3 Approaches to Handle Missing Data

3.1 For MCAR/MAR Missingness

  1. Full Information Maximum Likelihood (FIML)
  2. Multiple Imputation

3.2 For MNAR Missingness

https://stefvanbuuren.name/fimd/sec-nonignorable.html (archived at https://perma.cc/N7WW-HDZF)

https://cran.r-project.org/web/packages/missingHE/vignettes/Fitting_MNAR_models_in_missingHE.html (archived at https://perma.cc/9X25-5D8G)

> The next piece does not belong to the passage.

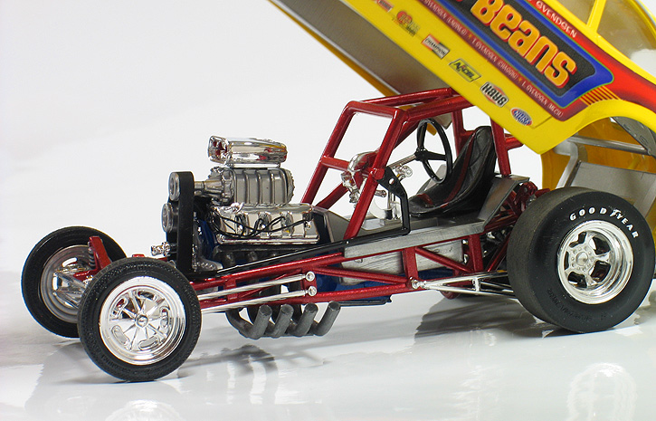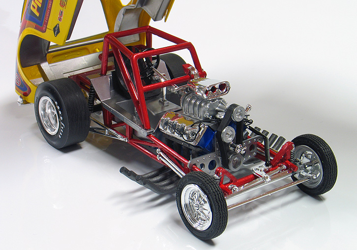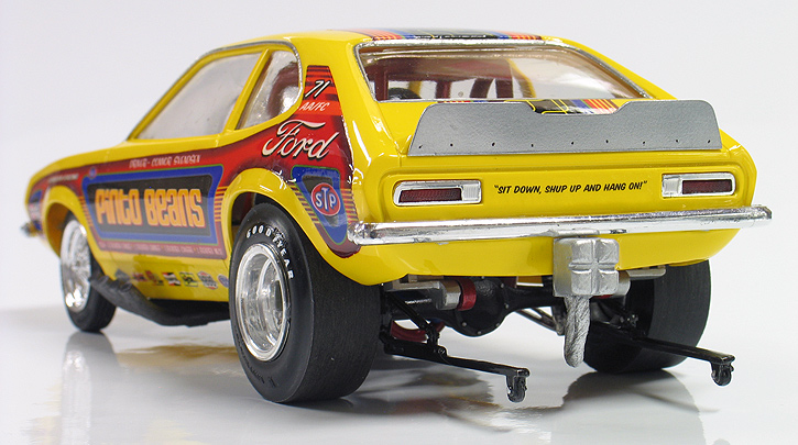 I replaced the missing engine with a blown Boss 429 motor taken from a MPC Multi-Maverick kit. I really hate doing engine wiring, but made a humble attempt at adding some ignition wiring. The Halibrand front wheels and tires came from the same Multi-Maverick kit as well. The rear wheels came from a MPC '74 Dodge van kit and the slicks came from my parts box. The rest of the chassis was built pretty much right out of the box from the Pinto kit. The final detail included using a parachute from my parts box and adding the chute lines.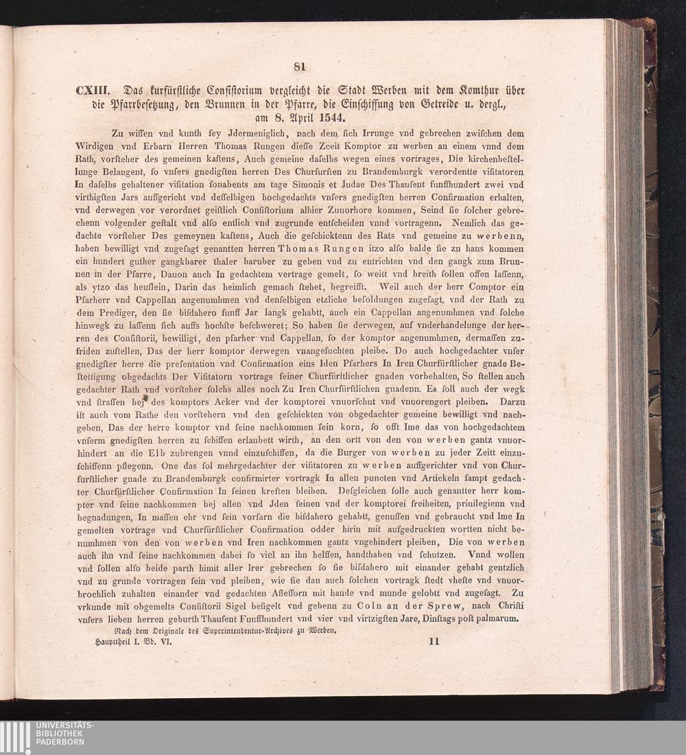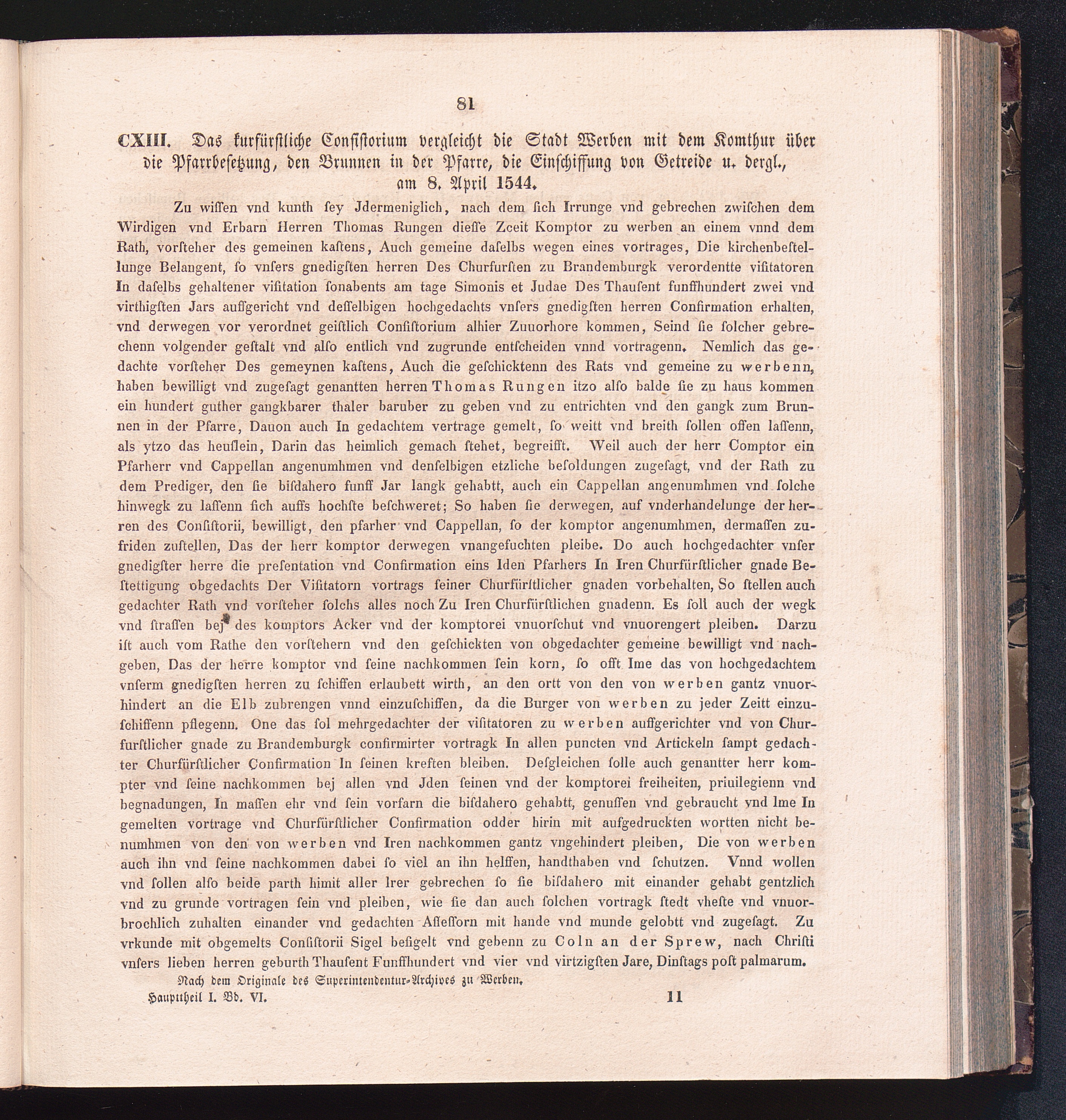 CXIII. Das kurfürstliche Consistorium vergleicht die Stadt Werben mit dem Komthur[...]

  1. find more data about the causes for the missingness
  2. sensitivity analyses (what-if analyses) to see how sensitive the results are under various scenarios
  3. selection models
    • simultaneously estimate the focal model and a missingness model, where the missingness model has the missing data indicator as a dependent variable, as predicted by the original dependent variable, the original predictors, and any additional covariates etc.
    • if the missingness model is approximately correct, the focal model adjusts in way that removes nonresponse bias
    • similar to a mediation process
      • X → Y
      • Y → missingness
      • X → missingness
    • https://quantitudepod.org/s4e08-craig-enders/ (archived at https://perma.cc/FY9L-L3F7)
  4. pattern-mixture models
    • missing data indicator is a predictor variable
    • similar to a moderation process; subgroups of cases have different parameter estimates

4 Approaches to Multiple Imputation

  • multiple imputation by joint modeling
    • assumes that the variables in follow a joint distribution, e.g.:
      • multivariate normal (i.e., multivariate normal imputation)
    • R packages:
      • jomo
      • pan
      • Amelia
      • Mplus
  • multiple imputation by chained equations
    • aka:
      • fully conditional specification multiple imputation
      • sequential regression multiple imputation
    • R packages:
      • mice
        • predictive mean matching (?mice::mice.impute.pmm) can be useful to obtain bounded imputations for non-normally distributed variables

5 Describe Missing Data

describe(dataToImpute)
md.pattern(dataToImpute, rotate.names = TRUE)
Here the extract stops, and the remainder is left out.